(Beginning of PROVIDED DATA)
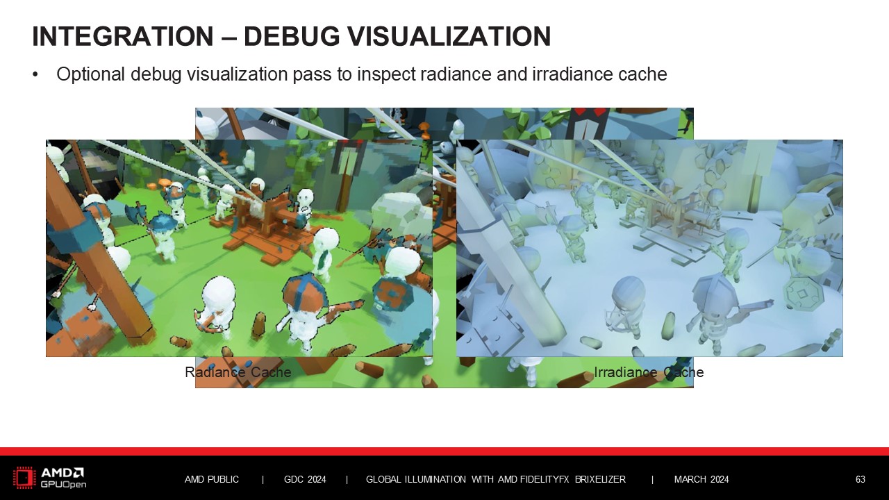 이번 릴리스에서 가장 크게 추가된 두 가지 기능은 Brixelizer 및 Brixelizer GI 라이브러리입니다. 또한 사용법을 보여주는 DirectX 12 및 벌칸 샘플이 함께 제공됩니다. 또한 정적 및 동적 장면 요소를 처리하는 방법과 다양한 디버그 뷰 및 디버그 카운터를 사용하여 이를 애플리케이션에 통합하는 방법도 보여 줍니다.
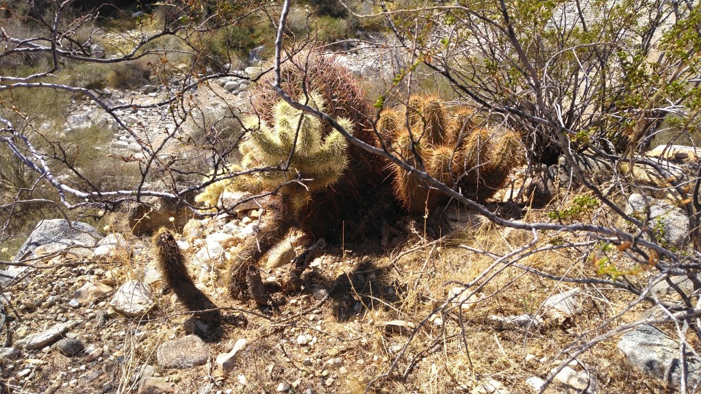 I took the Bajada Trail, of course. It promptly crossed the grey-gravel expanse of the main San Juan wash, and then began a lesser climb up the mountain, turning east kinda-sorta along the top of the bajada.
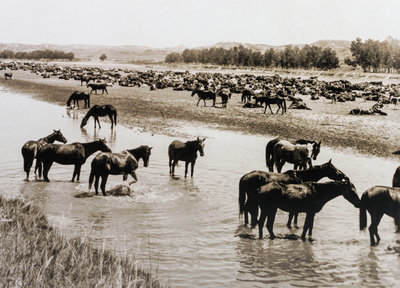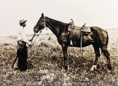 Two sepia photo murals SW Wrangler and Hot Noon, each unframed.
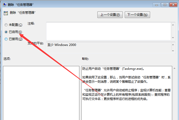 3、来到“删除任务管理器”窗口后,选择“已启用”,最后点击确定即可,相反的如果发现任务管理器打不开了,可以先查看一下这个配置是否已经开启了!
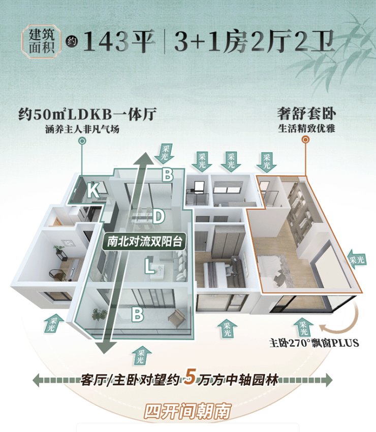 即便占尽天时地利,保利琅悦也没有“懈怠”,而是对佛山人居再次深入理解,死磕产品力。使用率近100%,同面积的产品里面,保利琅悦比别人多1房,生活多一种可能。更重要的是,它还实现了广东人钟情的南北对流双阳台,采光和景观视野通通都是MAX级。四开间朝南,还带南北对流双阳台,餐客厅同宽的LDKB一体化设计,尺度都不输超170平的改善大平层。
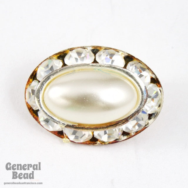 13mm x 18mm silver tone rhinestone button with 6mm x 12mm cultura faux pearl set in center and metal shank on back.
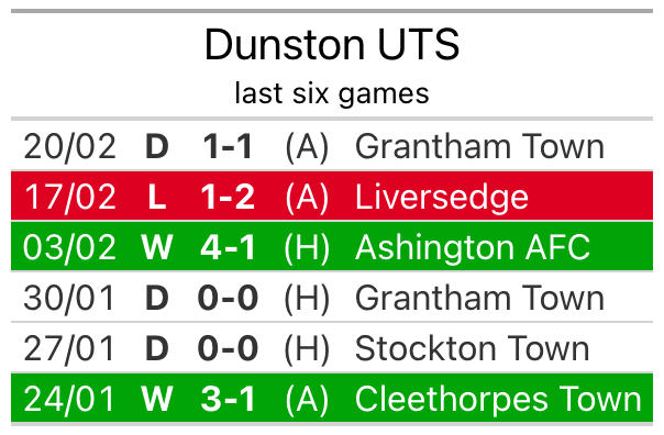 Dunston UTS’s last match was on Tuesday, a 1-1 draw against Grantham Town.
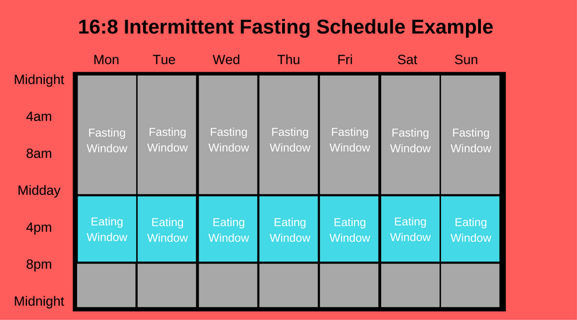 This method of Intermittent Fasting is called the 16:8 Fast (16 hours of fasting and 8 hours of feeding). There are other ways that one can participate in IF such as the 5:2 where one eats a very calorie restrictive diet for two nonconsecutive days during the week. There is also the Eat-Stop-Eat method. This basically means that you skip two meals, say lunch and dinner, and you don’t eat again until breakfast (or break fast…see what I did there) the next day. That process is done two times within the week as well.
(End of PROVIDED DATA)
INSTRUCTIONS TO FOLLOW: Transcribe all the lines above exactly, apart from the pictures.

EXPECTED ANSWER:
 이번 릴리스에서 가장 크게 추가된 두 가지 기능은 Brixelizer 및 Brixelizer GI 라이브러리입니다. 또한 사용법을 보여주는 DirectX 12 및 벌칸 샘플이 함께 제공됩니다. 또한 정적 및 동적 장면 요소를 처리하는 방법과 다양한 디버그 뷰 및 디버그 카운터를 사용하여 이를 애플리케이션에 통합하는 방법도 보여 줍니다.
 I took the Bajada Trail, of course. It promptly crossed the grey-gravel expanse of the main San Juan wash, and then began a lesser climb up the mountain, turning east kinda-sorta along the top of the bajada.
 Two sepia photo murals SW Wrangler and Hot Noon, each unframed.
 3、来到“删除任务管理器”窗口后,选择“已启用”,最后点击确定即可,相反的如果发现任务管理器打不开了,可以先查看一下这个配置是否已经开启了!
 即便占尽天时地利,保利琅悦也没有“懈怠”,而是对佛山人居再次深入理解,死磕产品力。使用率近100%,同面积的产品里面,保利琅悦比别人多1房,生活多一种可能。更重要的是,它还实现了广东人钟情的南北对流双阳台,采光和景观视野通通都是MAX级。四开间朝南,还带南北对流双阳台,餐客厅同宽的LDKB一体化设计,尺度都不输超170平的改善大平层。
 13mm x 18mm silver tone rhinestone button with 6mm x 12mm cultura faux pearl set in center and metal shank on back.
 Dunston UTS’s last match was on Tuesday, a 1-1 draw against Grantham Town.
 This method of Intermittent Fasting is called the 16:8 Fast (16 hours of fasting and 8 hours of feeding). There are other ways that one can participate in IF such as the 5:2 where one eats a very calorie restrictive diet for two nonconsecutive days during the week. There is also the Eat-Stop-Eat method. This basically means that you skip two meals, say lunch and dinner, and you don’t eat again until breakfast (or break fast…see what I did there) the next day. That process is done two times within the week as well.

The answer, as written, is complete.